Ciao Iva. Quando nasce SportABILI e con quali obiettivi?
“SportABILI nasce nel 1997 per aiutare le persone con disabilità ad acquisire la capacità di svolgere varie attività sportive che sono spesso a loro inaccessibili. È un’associazione senza scopo di lucro e con fini di utilità sociale (Onlus). Un progetto sportivo ritenuto fondamentale per consentire alle persone con disabilità di essere elementi attivi e autonomi nello sport e nel tempo libero e realizzare così in modo completo una propria autonomia”.
A quanto ho letto, proponete attività sportive sia invernali che estive. Ce le potete elencare, magari raccontandoci qualche aneddoto curioso?
“SportABILI organizza per l’inverno corsi di sci, alpino e nordico, snowboard, passeggiate con le ciaspole; attività progettate e adattate alle specifiche disabilità. Mette a disposizione anche gli ausili specifici alla diversa pratica sportiva. L’uso del monosci (per paraplegici, post-polio) e del bi-sci (specifico per tetraplegici e, in scala ridotta, per bambini), outrigger per amputati e la slitta per il fondo permette alle persone con disabilità agli arti inferiori di avvicinarsi e praticare questa disciplina sportiva.
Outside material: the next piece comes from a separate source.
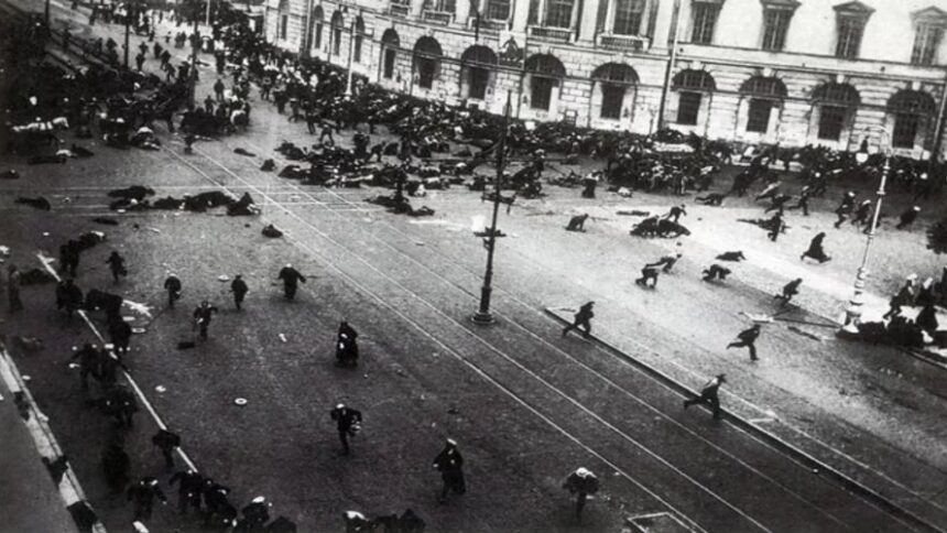 1917: [OS Oct 24] Bolshevik revolution begins with bombardment of the Winter Palace in Petrograd during the Russian October Revolution

Oltre allo sci, offriamo la possibilità, anche d’inverno, di usufruire di strutture quali la piscina, il maneggio e il centro sportivo per il tennis. Per gli altri periodi dell’anno, organizziamo pratiche ricreative quali equitazione, rafting, tiro con l’arco, nuoto, gite in bicicletta, arrampicata, gite in carrozza e gite naturalistiche. Ricordo la gioia di una signora di 90 anni che ha chiesto di partecipare alla nostra gara sociale ‘La Sfida’, proposta alla fine della stagione invernale, che vede una gara di unifide sport con coppie composte da una persona abile e una disabile. L’abbiamo accolta e accompagnata lungo la pista su un dualsky condotto dai volontari. Era felice e commossa perché mai avrebbe pensato alla sua età di arrivare su una cima a godere delle Dolomiti e di provare l’ebbrezza della velocità su una pista da sci partecipando ad una gara”.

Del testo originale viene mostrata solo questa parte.